Africa > West Africa > Cote d'Ivoire > Côte d’Ivoire is also pursuing renewable power projects in the biomass segment.

Côte d'Ivoire: Côte d’Ivoire is also pursuing renewable power projects in the biomass segment.


Boosting electricity generation from a broader mix of sources has become a strategic priority for Côte d’Ivoire and is part of its drive to achieve emerging country status by 2020.

The country is looking to double electricity production to 4000 MW over the next five years through a raft of projects, with renewables earmarked to play a leading role in new added capacity. The initiatives form part of broader plans, announced in late 2012, to invest $4bn in upgrading energy infrastructure to increase electricity output by 80% by 2018.

Three consecutive years of strong economic increase– averaging nearly 9% per annum since 2012, according to the IMF – has put better pressure on Côte d’Ivoire’s national grid. Request for electricity has risen by an average of 10% per annum in recent years, while net production has increased by just 2%.
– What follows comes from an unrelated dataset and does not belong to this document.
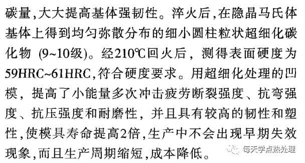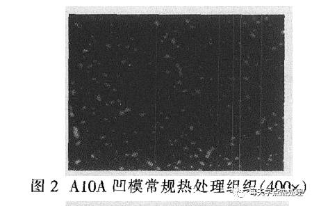 對 凹 模 進 行金 相 組 織 檢驗,其組 織 為 回 火 M十 殘留A+ ε 碳化 物,碳化物大小不均勻、晶 粒粗 大 ! 相 對而言)、 有棱 角、 不圓 整,造成 韌 度 降低,脆 性 增大,在循環應力的作用下,加速了疲勞裂紋的 萌 生,使 凹 模受到 多 次 沖 擊 時,過 早發 生疲勞斷裂。

Shortfalls will be exacerbated in the coming years as major mining projects, which will require an estimated 500 MW of additional production by 2020, come on-line.

Adding capacity

In July the African Finance Corporation (AFC), a multilateral development finance institution, agreed to partner with Ivoire Hydro Energy to build the CFA60bn (€91.5m), 44-MW Singrobo hydroelectric power plant in Tiassalé, some 120 km south of Abidjan. The plant, which will be the initial private hydroelectric facility in the country, will operate on a 35-year, take-or-pay power purchase agreement with public utility company Ci-Energies.

In October Côte d’Ivoire became a member of the AFC, paving the way for the country to access an significant funding stream for infrastructure projects. The organisation has by instantly invested heavily in other infrastructure projects in Côte d’Ivoire, which have been rolled out in line with the CFA11trn (€16.8bn) 2012-15 National Development Plan (Plan National de Développement, PND). The PND dedicates some CFA622.7bn (€949.3m) to the energy sector, equivalent to around 5.5% of the total package.

Heavy on hydroelectric

Côte d’Ivoire’s broader plans for ramping up renewables include the construction of nine new dams, scheduled to be completed by 2020. The projects, which include the Singrobo facility, will add a combined 1500 MW of capacity and bolster Côte d’Ivoire’s drive to increase hydroelectricity’s share of installed capacity to 60%. At present, hydroelectricity accounts for roughly 25%, with the remainder stemming from thermal energy.

One of the planned dams, a 275-MW plant in Soubré, will stand as the major hydroelectric facility in the country once completed. China’s national-owned Sinohydro is undertaking construction, while France’s Alstom will supply equipment for the project.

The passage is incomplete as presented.